Lest you believe the end of the presidential election, with Joe Biden the apparent victor, will slow down the academic grievance industry, think again.
Vanderbilt University political science major Madison Glenn-Lawson recently made use of her student paper to inform 70 million-plus of her fellow citizens that they’re, yes, racist.
What bothers her specifically are the phrases “Blue Lives Matter” and “Make America Great Again” (as well as its acronym).
“Though they do not specifically spew hateful words,” she says, “the slogans […] are inherently racist because they condone an America where minorities are systematically oppressed.”
Since her move back to campus, Glenn-Lawson notes she’s seen “many people proudly display their Trump merchandise,” and noticed a Vandy police officer donned in a “Blue Lives Matter” mask one evening.
“In both situations,” she says, “my body immediately tightened and I cringed, but I didn’t feel hatred; I felt hated.”
Blue Lives Matter is a derogatory phrase used to invalidate Black Lives Matter.
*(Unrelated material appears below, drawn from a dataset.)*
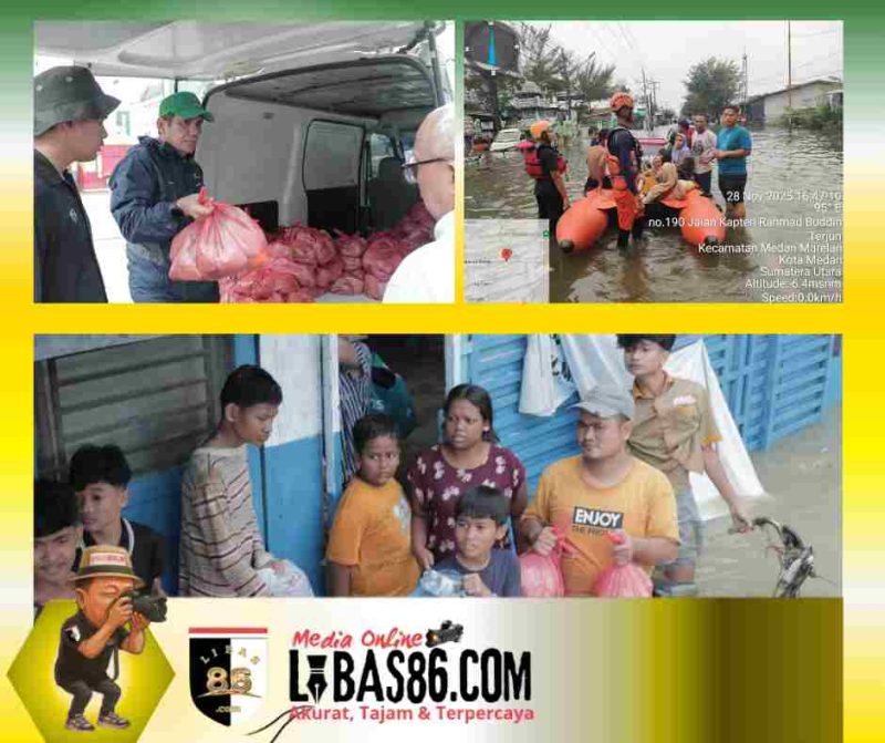 MEDAN, LIBAS86.COM – Menindaklanjuti arahan Wali Kota Medan, Rico Tri Putra Bayu Waas, untuk memastikan kebutuhan dasar warga terdampak banjir terpenuhi, jajaran kecamatan bersama sejumlah pihak menyalurkan bantuan makanan kepada para pengungsi di Kecamatan Medan Selayang dan Medan Barat, Jumat (27/11/2025).
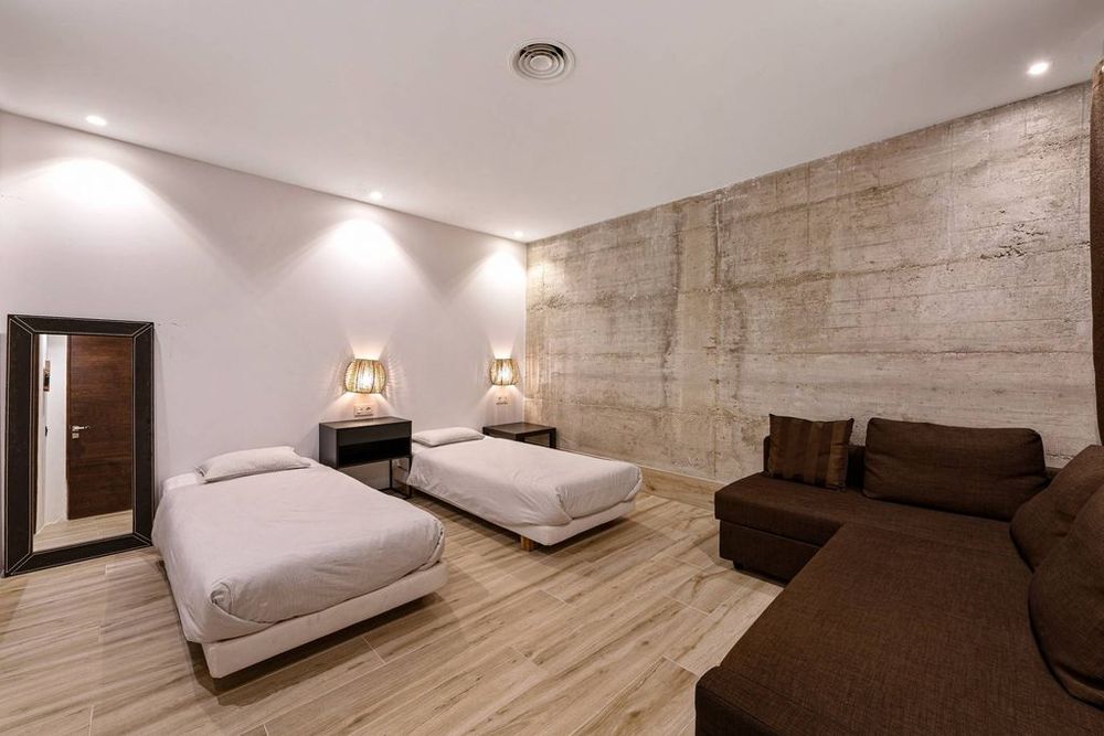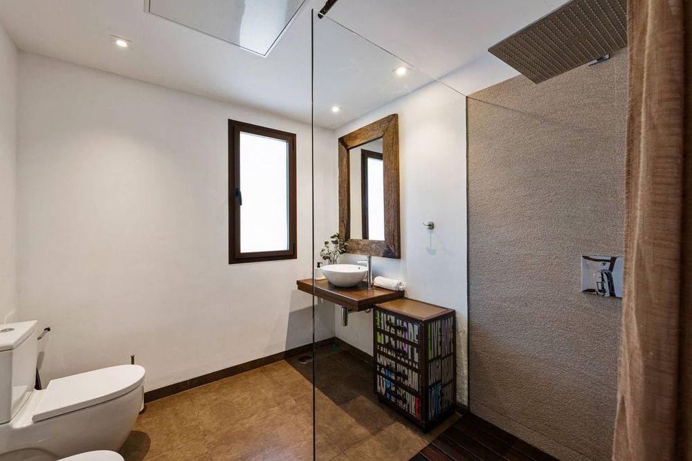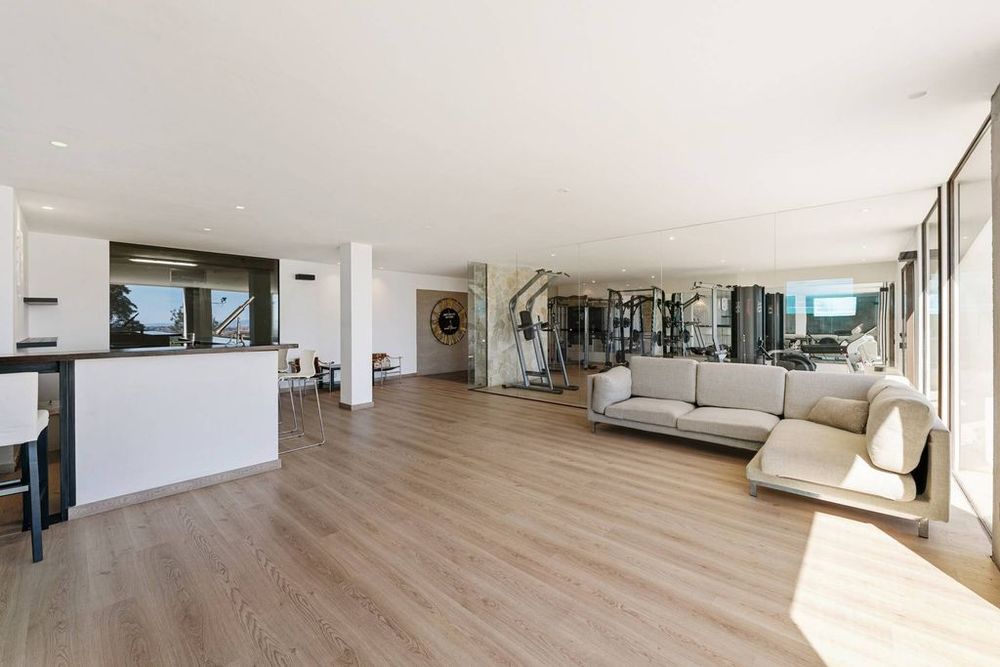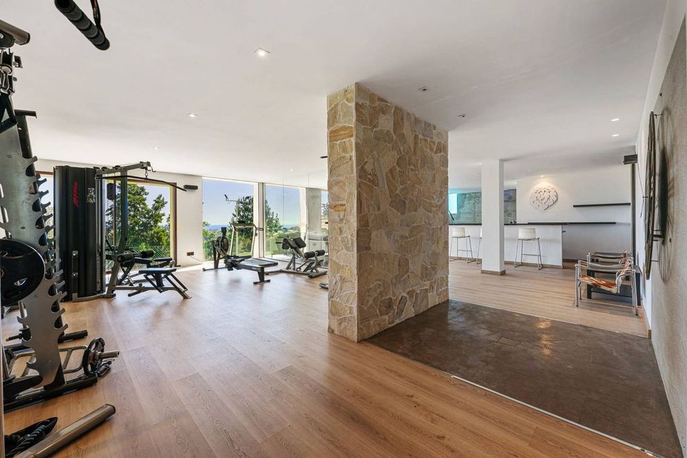 The rooftop terrace beckons you to dine, unwind, and savour the panoramic views, while the lower level boasts a 5-star fully equipped "Life-Fitness" gym, perfect for workouts, yoga, or pilates. Additionally, indulge in the bodega and garage space for 3-4 cars. Outside, the villa captivates with a magnificent heated swimming pool designed in a stunning lagoon style. To enhance your stay, enjoy the luxury of an included 8-hour staff service, ensuring your utmost comfort.

Blue Lives Matter isn’t an organization; it has no goal and it is not calling for any kind of action. The slogan is simply used as rhetoric to suppress the voices of the black community when we protest against police brutality. Lives are not blue. You can not equate a “blue life” to my black life.
Officers can take off their uniforms, but I cannot take off my skin as a black woman. My skin is permanent; it is the first thing people see when they see or meet me. I did not choose to be black, but police officers chose to join the force. I did not choose to be seen as a threat based on the color of my skin, but they voluntarily put their lives at risk every day. …
MAGA is just as ignorant as claiming “Blue Lives Matter.” Make America Great Again” is Trump’s tagline that calls for America to return to its previous glory. I, along with many other black people, find myself wondering when America was at its prime—during the era of segregation or the era of slavery? He stresses the need for law and order when black people are fighting for their lives, but in the same breath, he will tell white supremacist groups to “stand by and stand back.”
If you support President Trump, you are condoning his actions, specifically his racist actions. Though he may claim that he is the least racist person in a room to a woman of color, actions speak louder than words. And in this case, his actions have not only been loud but explicitly racist.
Ms. Glenn-Lawson’s arguments, such that they are, certainly aren’t novel; in fact, they’re academic boilerplate. But their timing tells us that such narrative(s) aren’t likely to cease any time soon, even in a post-Trump environment.